═════ Task material ═════
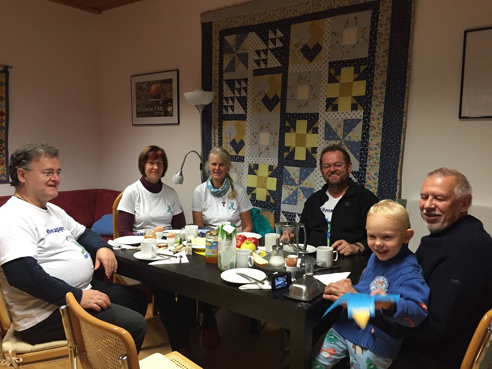 #Klimapilger hat der 3-jährige Noah noch nie gesehen. Er war neugierig. „Kommt ihr eh zum Frühstück?“, frage der über die Oma. Ja, wir bekommen heute ein wunderbares Frühstück bei den Binders. Und Noah hat uns gemustert. Ein gemeinsames Foto war ihm dann sogar recht. Wir brechen auf in die Sonntagsmesse in Purkersdor. Es wurden besondere Geburtstag gefeiert, die Ehejubilare und wir Klimapilger haben den Segen bekommen. Bürgermeister Schlögel saß in der Bank hinter uns und beim Segen für die besonderen Geburtstagskinder war er vor uns. Hans Hisch von den Pilgrim-Schulen hat uns wieder ein besonderes Projekt des Purkersdorfer Gymnasiums in den Rucksack der Alternativen mitgegeben. Und er ist wie Pia und die Tochter von Rembert ein Stück des Waldweges mitgegangen. 11 Uhr war Abgang und das war, wie wir am Abend gesehen haben, für die fast 26 km „etwas spät“.
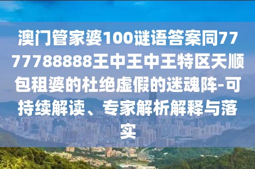 澳門管家婆100謎語答案同7777788888王中王中王特區(qū)天順包租婆的可持續(xù)解讀、專家解析解釋與落實
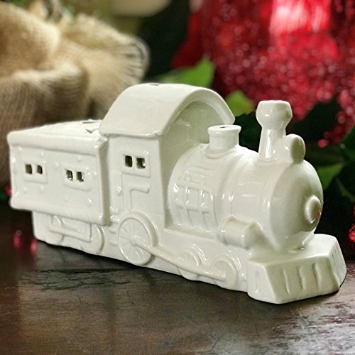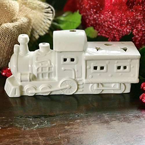 - CHUG ALONG together with the spirit of Santa Claus as you gaze at our North Pole Express Ceramic Candle Holder. Inspired by an old time steam engine, this detailed white porcelain locomotive has a classic cow catcher, smoke stack, snow plow, open windows, and more. Cute square and star air cut outs act as air vents at top, while open windows at the sides provide a glimpse inside as well as to allow the flickering candle light to glow outside.
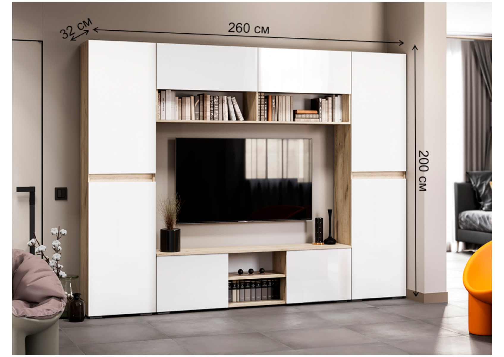 Модульная гостиная Алетра дуб крафт серый / глянец белый комплектация 3
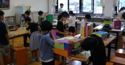 4年生の図画工作科の学習の様子です。思いを形にして表現するために,大きさや形,色を工夫しています。
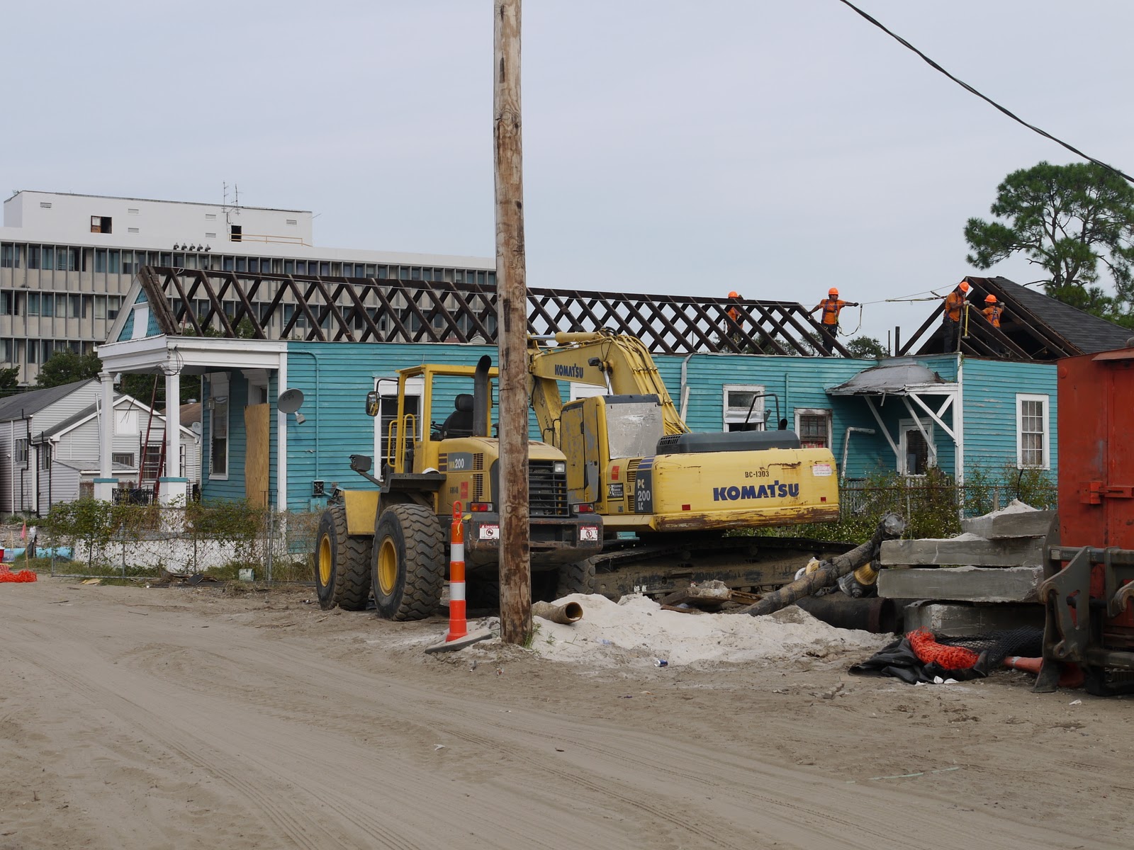 In the middle, workers began removing the distinctive, oddly-shaped roof on the fine aquamarine home at 222-24 S. Rocheblave. As you can see in the shot below, the recently-occupied building from about 1905-1910 has a great front porch facade, as well as an interesting rear side entry with metal overhang. I'm not certain if the rear wing will fit within the 60-foot maximum for moving.
═════
▶ [Exercise description]
Print only the lines running from the line that contains "- CHUG ALONG" to the final line of the listing, both included. Omit every picture.

▶ [Result of the task]
 - CHUG ALONG together with the spirit of Santa Claus as you gaze at our North Pole Express Ceramic Candle Holder. Inspired by an old time steam engine, this detailed white porcelain locomotive has a classic cow catcher, smoke stack, snow plow, open windows, and more. Cute square and star air cut outs act as air vents at top, while open windows at the sides provide a glimpse inside as well as to allow the flickering candle light to glow outside.
 Модульная гостиная Алетра дуб крафт серый / глянец белый комплектация 3
 4年生の図画工作科の学習の様子です。思いを形にして表現するために,大きさや形,色を工夫しています。
 In the middle, workers began removing the distinctive, oddly-shaped roof on the fine aquamarine home at 222-24 S. Rocheblave. As you can see in the shot below, the recently-occupied building from about 1905-1910 has a great front porch facade, as well as an interesting rear side entry with metal overhang. I'm not certain if the rear wing will fit within the 60-foot maximum for moving.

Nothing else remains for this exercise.